◆ **Information**:
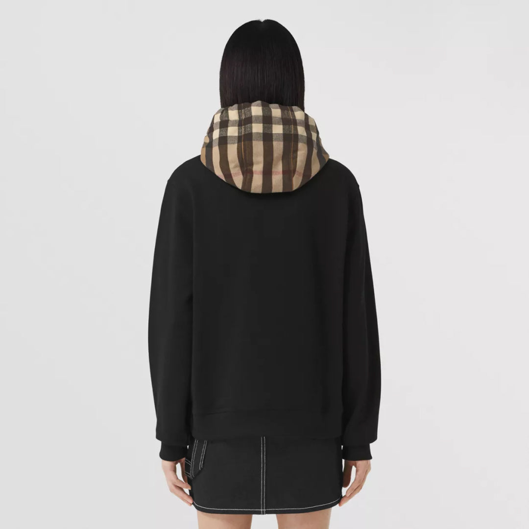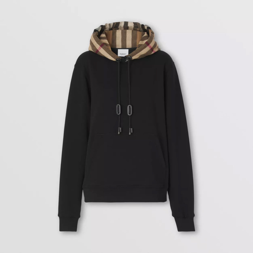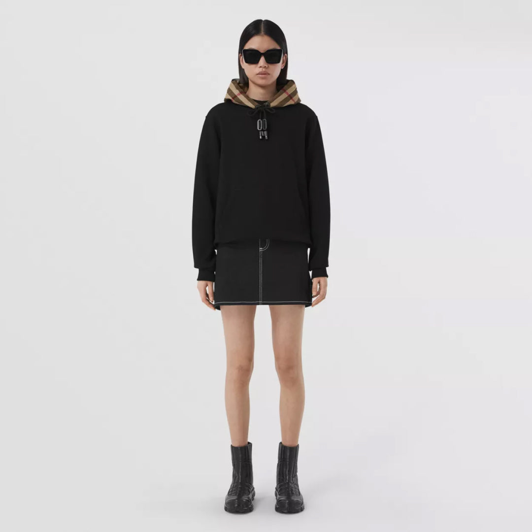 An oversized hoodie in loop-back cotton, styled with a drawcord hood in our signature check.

* * *

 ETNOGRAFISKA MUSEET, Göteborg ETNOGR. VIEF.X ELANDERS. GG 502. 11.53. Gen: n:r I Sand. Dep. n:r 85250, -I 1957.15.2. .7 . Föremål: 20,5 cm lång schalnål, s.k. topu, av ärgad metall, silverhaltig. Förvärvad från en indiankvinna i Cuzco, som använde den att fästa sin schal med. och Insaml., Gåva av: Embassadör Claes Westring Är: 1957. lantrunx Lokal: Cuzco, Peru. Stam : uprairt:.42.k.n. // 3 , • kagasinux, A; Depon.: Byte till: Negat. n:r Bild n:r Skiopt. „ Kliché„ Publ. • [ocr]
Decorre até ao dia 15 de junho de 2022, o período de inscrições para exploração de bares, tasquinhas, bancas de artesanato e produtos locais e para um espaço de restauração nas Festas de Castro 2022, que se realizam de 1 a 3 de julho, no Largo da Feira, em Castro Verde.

◆ **Task item**:
Look above for the line containing "ETNOGRAFISKA MUSEET, Göteborg" and the line containing "Decorre até ao". Transcribe both, with the lines between them, exactly.

◆ **Final answer**:
 ETNOGRAFISKA MUSEET, Göteborg ETNOGR. VIEF.X ELANDERS. GG 502. 11.53. Gen: n:r I Sand. Dep. n:r 85250, -I 1957.15.2. .7 . Föremål: 20,5 cm lång schalnål, s.k. topu, av ärgad metall, silverhaltig. Förvärvad från en indiankvinna i Cuzco, som använde den att fästa sin schal med. och Insaml., Gåva av: Embassadör Claes Westring Är: 1957. lantrunx Lokal: Cuzco, Peru. Stam : uprairt:.42.k.n. // 3 , • kagasinux, A; Depon.: Byte till: Negat. n:r Bild n:r Skiopt. „ Kliché„ Publ. • [ocr]
Decorre até ao dia 15 de junho de 2022, o período de inscrições para exploração de bares, tasquinhas, bancas de artesanato e produtos locais e para um espaço de restauração nas Festas de Castro 2022, que se realizam de 1 a 3 de julho, no Largo da Feira, em Castro Verde.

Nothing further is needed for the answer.